Conan Review: Coco Proves Late-Night Can Work On Cable
When Conan O’Brien took over hosting duties on The Tonight Show almost two years ago, there was little pressure to succeed immediately. Or at least that’s what we thought. Historically, a late night gig is one you settle into. It takes time to transition to an earlier timeslot that caters to a wider demographic. The suits are shinier, the guest stars are bigger and the atmosphere is more formalized. But as we know, that transition period for Conan never happened. He was unceremoniously booted, and now he’s found his way onto cable, network television’s freewheeling, zany younger sister. In many ways, it’s the right fit for Conan’s off-brand, goofy humor, but with it, comes an entirely new set of pressures. Just as Coco was never truly given a transition period with The Tonight Show, the time to achieve is now on TBS. He has to succeed immediately before advertisers sour and his budget is cut. Will Conan be a viable third alternative to Letterman and Leno, or will he be a nice alternative to The Daily Show? No doubt he’ll put up solid numbers this week, but can a talk show on TBS viably compete with NBC and CBS? We’ll know within a few months, but if tonight is any indication, the answer is a resounding yes.
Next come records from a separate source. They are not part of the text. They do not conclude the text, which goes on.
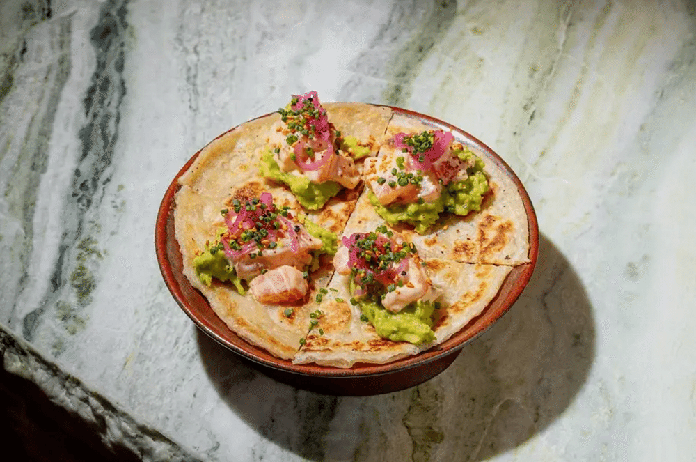 Лепешка роти, мятое авокадо, филе лосося, спайси-соус, шичими, маринованный лук в шисо, лук-сибулет, соус даши-терияки, кунжут.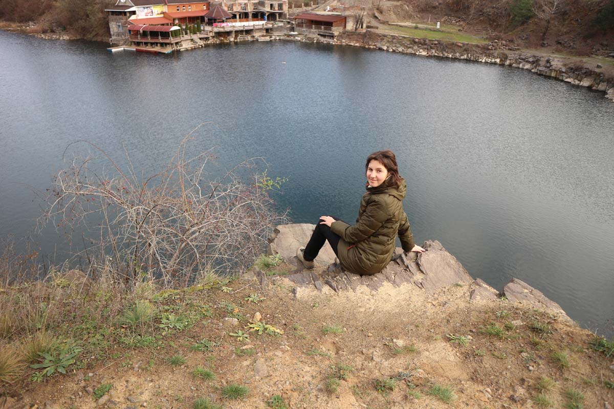 Із самого ранку ми вирушили на великий кар’єр. Дочекатися маршрутки рано вранці закінчилося так само провалом. Але кар’єр за київськими мірками був зовсім не далеко. Півгодинна ранкова прогулянка була якраз. Перед кар’єром зайшли до місцевої розливайки випити чайку. За стіною грала дискотечна музика з нехитрим текстом. “Патімейкер, шейкер-шейкер” Поки чайник закипів, місцевий патімейкер начисто вигнав з голови мексиканця в Х’юстоні разом з Нью-Йорком. Сам кар’єр ми довго не могли знайти і ходили колами, хоч у нас була карта з GPS. 7 років тому ми дісталися без жодних технологій, не блукаючи. Озеро було, як і минулого разу, шикарне.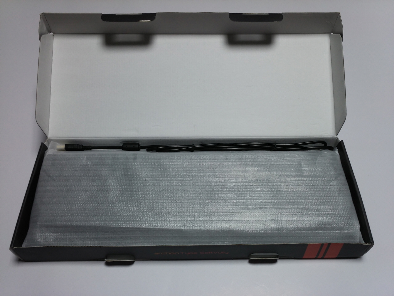 전면 박스의 모습 입니다. archon의 로고인 전구 모양 그림과 아래에는 제품명인 Type SoftVuty 글자가 프린트 되어 있습니다.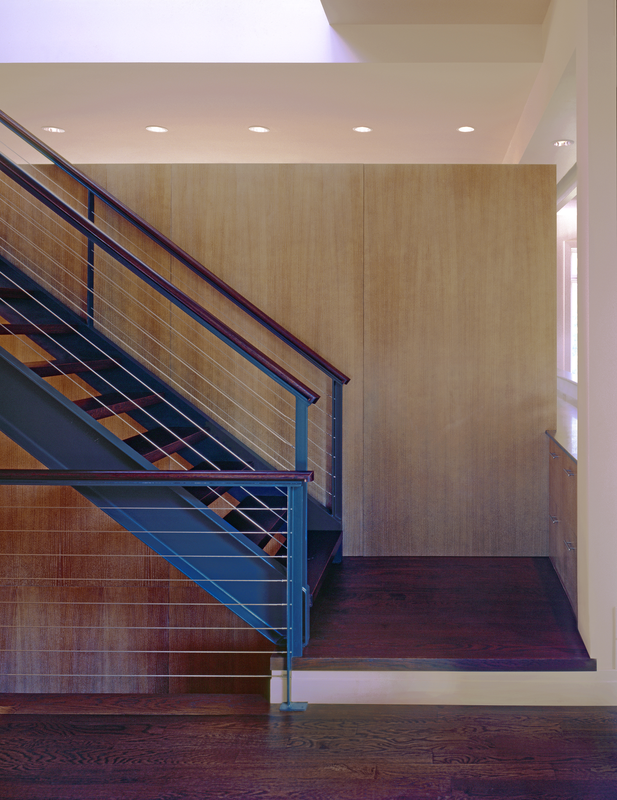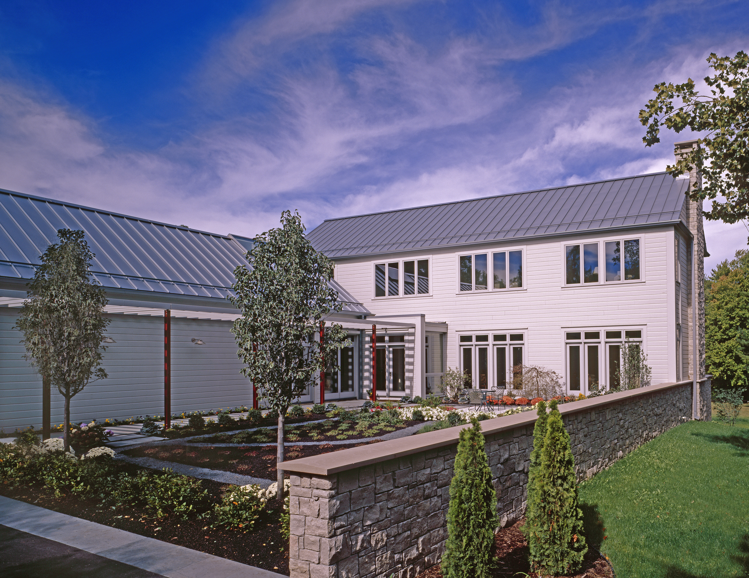 The building site is limited but augmented by sweeping vistas across neighboring properties. The compact volume of the main house is combined with the garage and a stone retaining wall opposite to carve a level entry court and garden from the rolling terrain.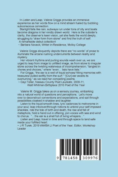In Listen and Leap, Valerie Griggs provides an immersive experience as her words flow on a mind stream fueled by bubbling subconscious connection. Starlight falls like rain, subways run under tons of city and boats become dragons in her vividly drawn world. Hers is the outsider's clarity, the observer's keen vision, yet she feels the world deeply, struggling to "draw form from stone" and find the truth of self. A remarkable debut collection!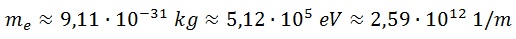Consecuentemente, la masa del electrón en quilogramos, electronvoltios y metros es:

This evening’s debut episode wasn’t the best we’ve seen from the wild-haired host, nor was it the edgiest or funniest, but it did outline a useable, familiar, yet distinctly Conan format that can thrive opposite Letterman’s smug high-brow schtick and Leno’s everyman approach. I suspect some of Conan’s ardent Twitter supporters may be a little disappointed at how inside the box he played it, but that short-sighted perspective fails to account for the base he now has to play to. Conventional wisdom would suggest cable offers the perfect medium for Conan to dance and sing and go off on wacky tangents, but at the end of the day, for a late night show to truly blossom, it has to be about attracting high-level guests and addressing important daily topics. With Seth Rogen leading the charge and a monologue that included references to the oil spill, Brett Favre’s penis and Conan’s own return to late night, the affable host accomplished both, and threw in dancing, singing and wacky tangents to boot.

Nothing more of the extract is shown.